_Assignment_.
Only the lines below from the one containing "Gili (trompeta i" through the one containing "Глава 1. АНГЛО-РУССКИЙ СЛОВАРЬ ПО ШАХМАТАМ" belong in the answer, set down exactly, with the pictures left out.

(Dataset entries)
== Segment start ==

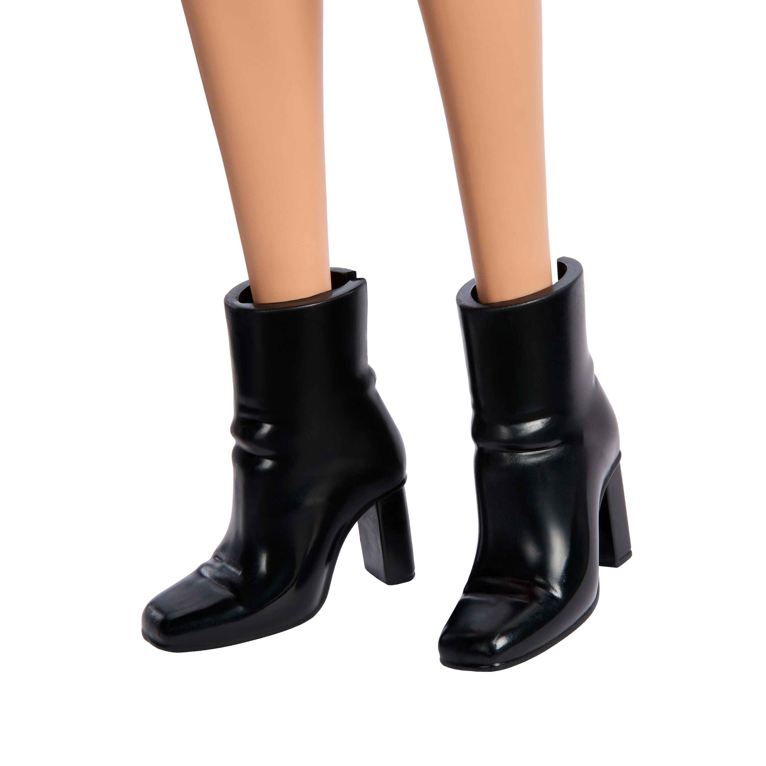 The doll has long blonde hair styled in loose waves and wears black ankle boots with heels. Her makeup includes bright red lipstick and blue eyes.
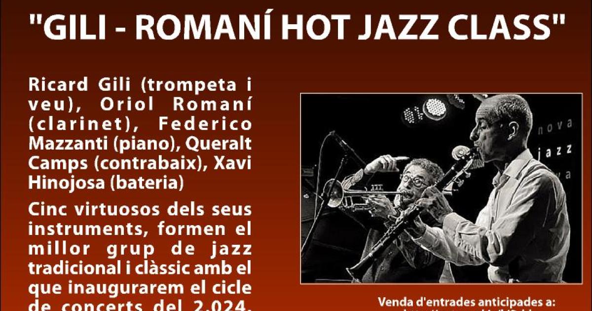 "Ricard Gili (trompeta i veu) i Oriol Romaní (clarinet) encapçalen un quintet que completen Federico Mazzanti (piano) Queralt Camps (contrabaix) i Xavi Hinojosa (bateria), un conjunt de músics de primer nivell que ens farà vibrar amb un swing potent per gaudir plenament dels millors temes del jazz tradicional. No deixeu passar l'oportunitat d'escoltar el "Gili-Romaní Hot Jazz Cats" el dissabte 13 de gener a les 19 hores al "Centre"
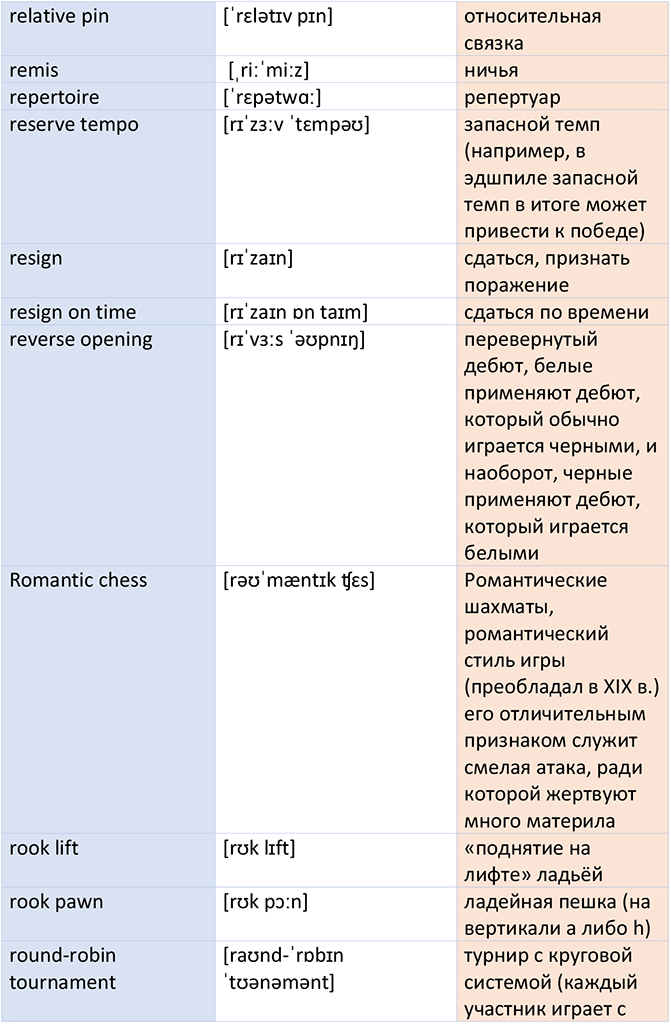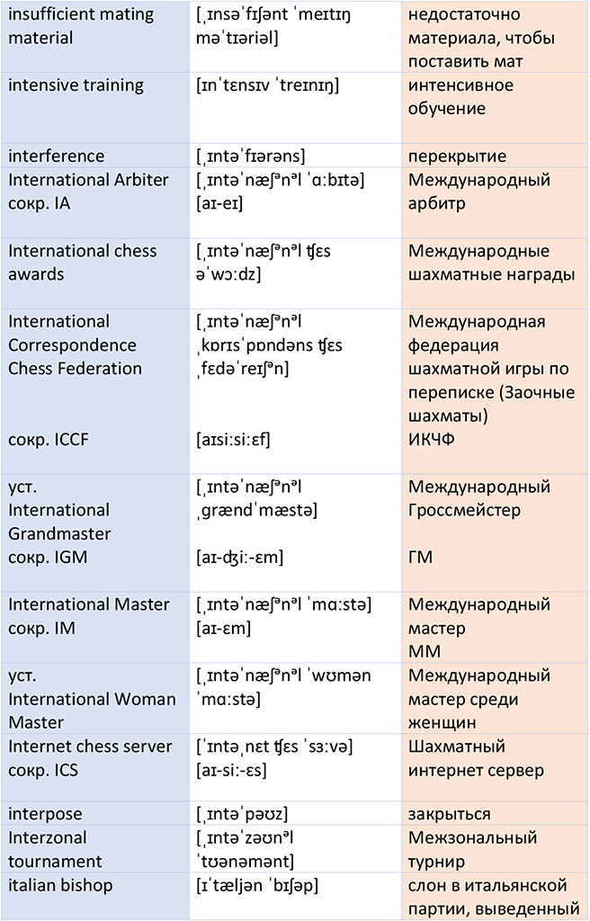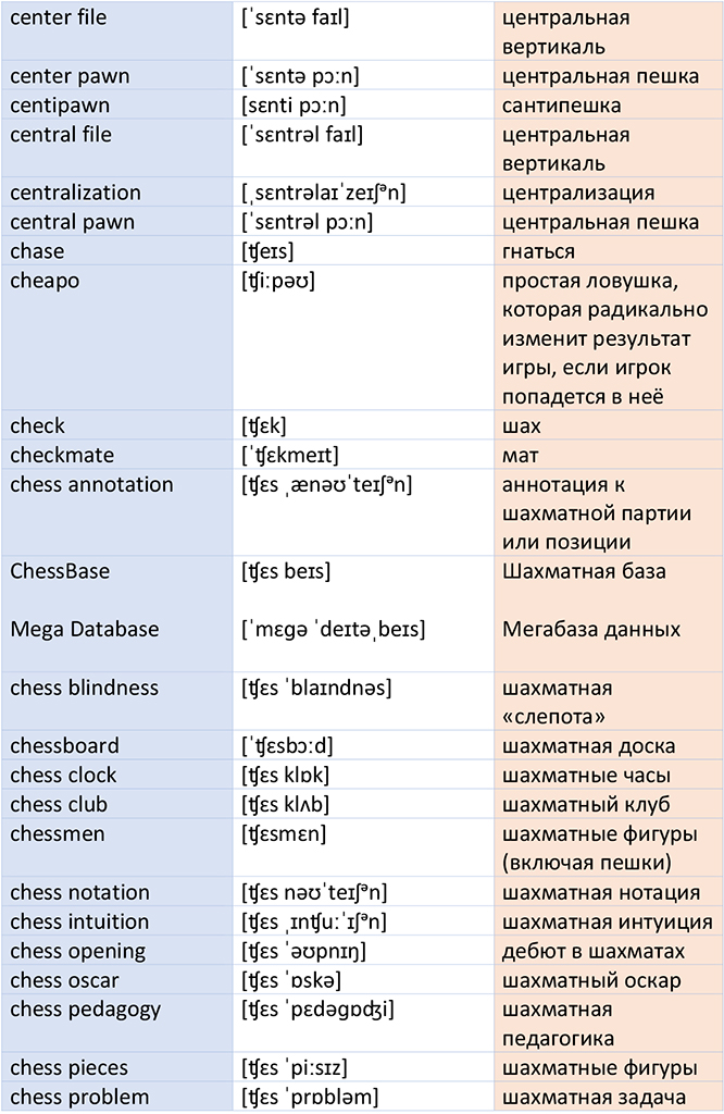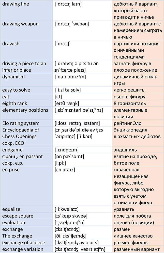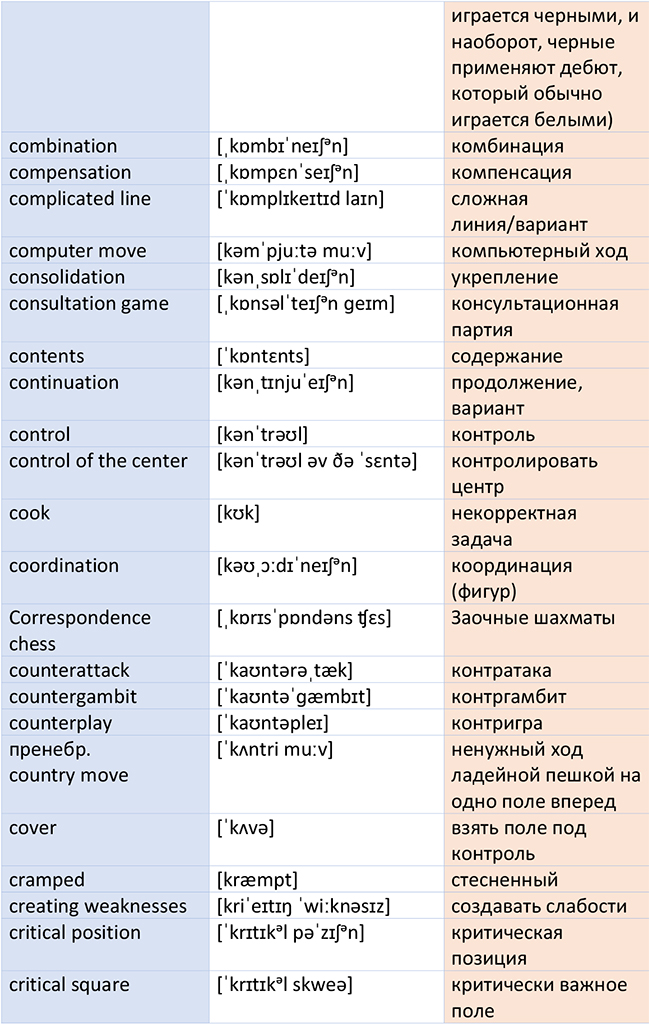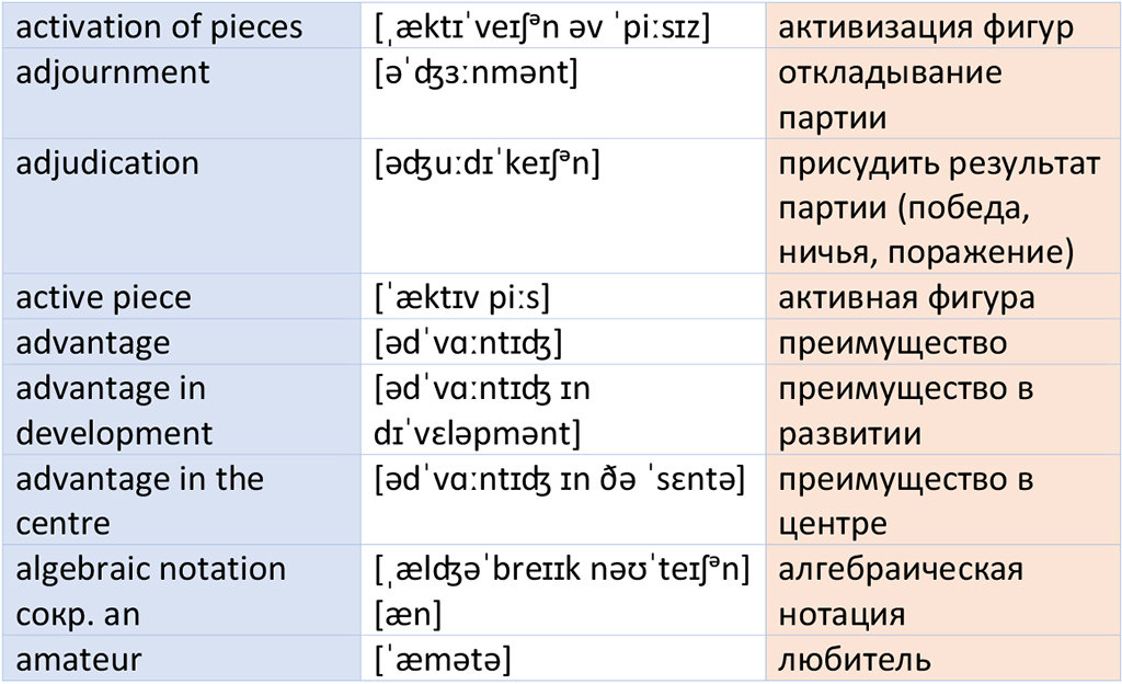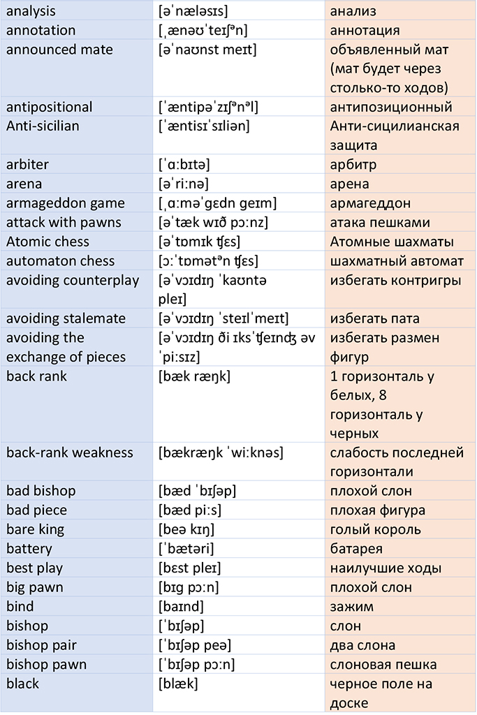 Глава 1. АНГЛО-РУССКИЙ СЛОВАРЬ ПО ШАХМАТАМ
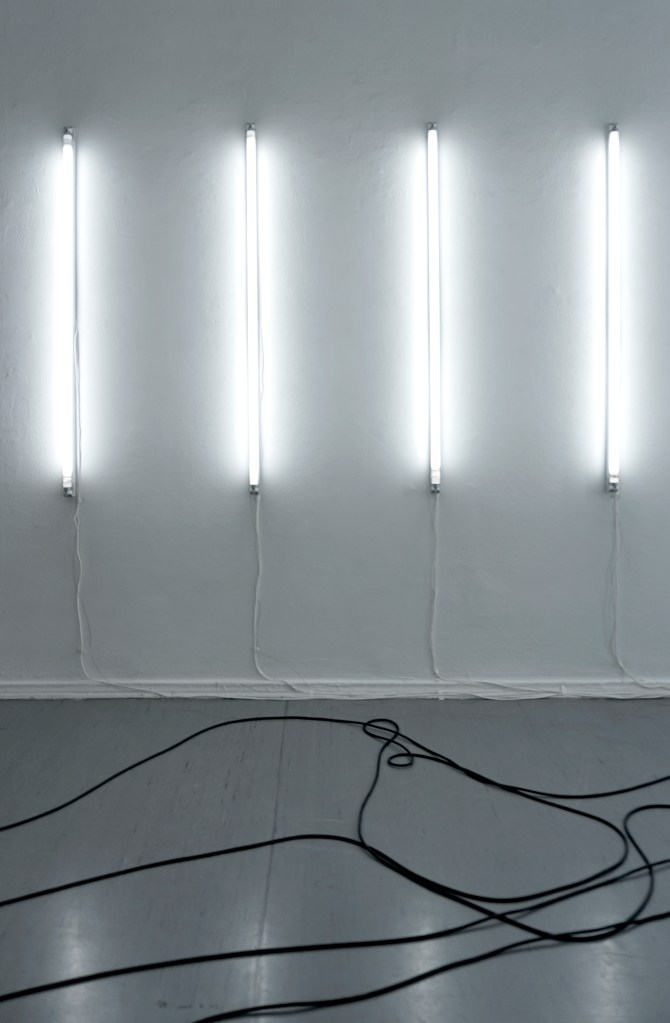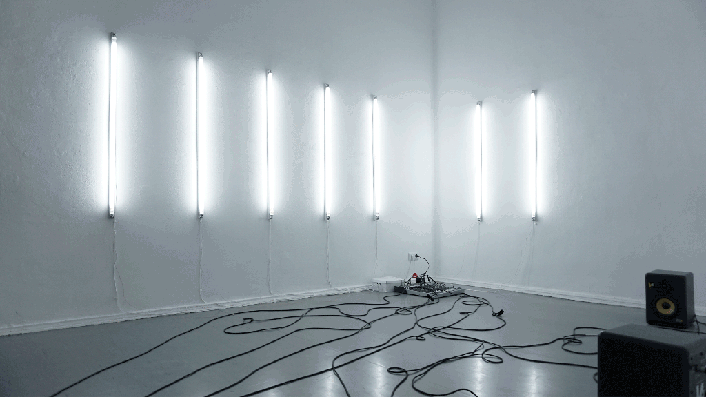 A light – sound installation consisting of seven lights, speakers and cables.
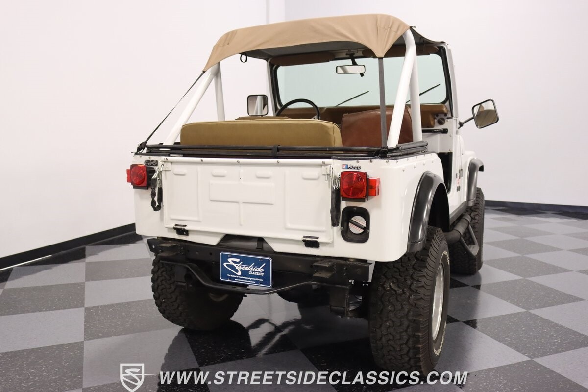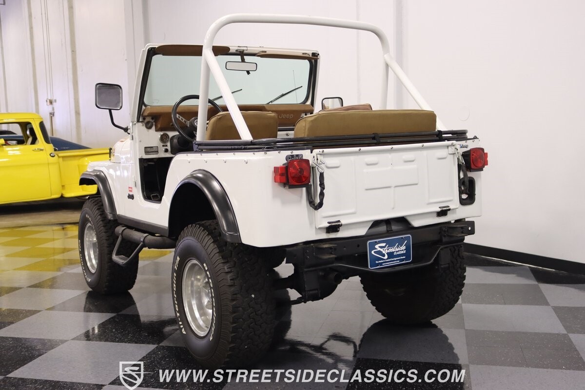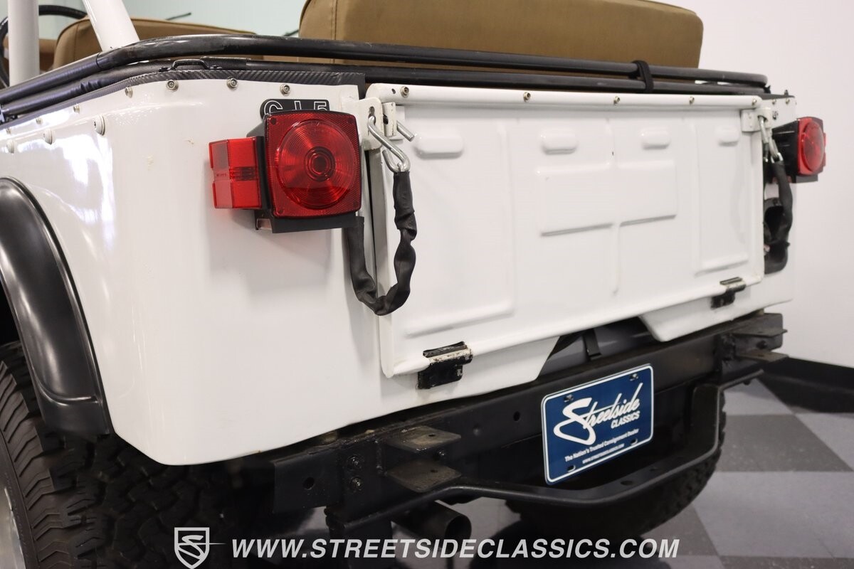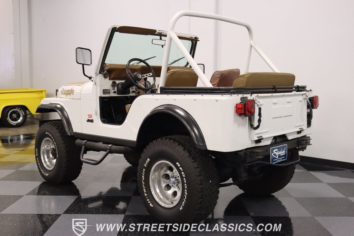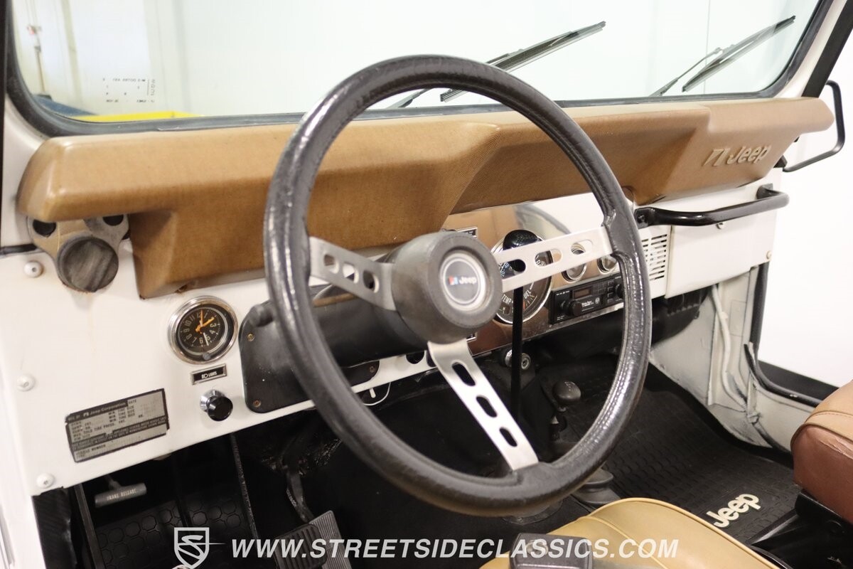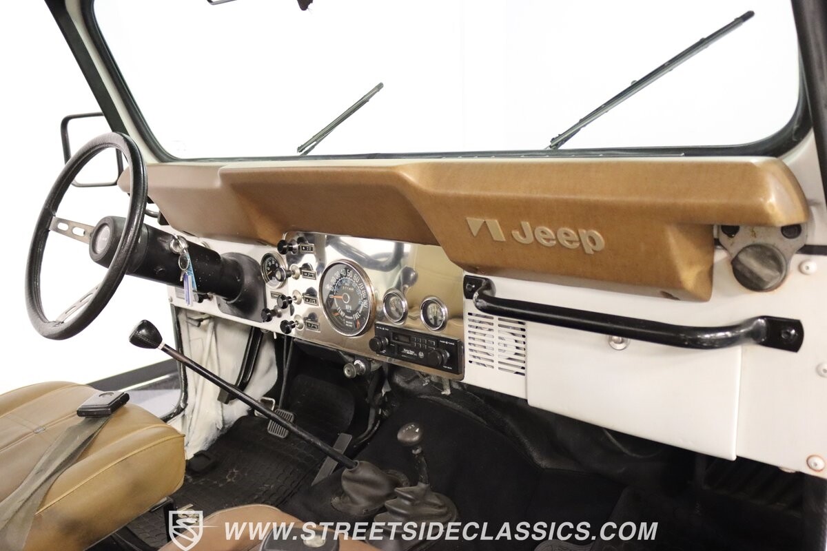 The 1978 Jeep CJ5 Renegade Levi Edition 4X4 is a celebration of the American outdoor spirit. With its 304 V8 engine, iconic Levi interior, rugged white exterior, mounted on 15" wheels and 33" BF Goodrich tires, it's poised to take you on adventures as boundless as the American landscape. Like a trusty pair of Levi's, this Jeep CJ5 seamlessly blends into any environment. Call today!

== Segment end ==

_Solved exercise_.
 "Ricard Gili (trompeta i veu) i Oriol Romaní (clarinet) encapçalen un quintet que completen Federico Mazzanti (piano) Queralt Camps (contrabaix) i Xavi Hinojosa (bateria), un conjunt de músics de primer nivell que ens farà vibrar amb un swing potent per gaudir plenament dels millors temes del jazz tradicional. No deixeu passar l'oportunitat d'escoltar el "Gili-Romaní Hot Jazz Cats" el dissabte 13 de gener a les 19 hores al "Centre"
 Глава 1. АНГЛО-РУССКИЙ СЛОВАРЬ ПО ШАХМАТАМ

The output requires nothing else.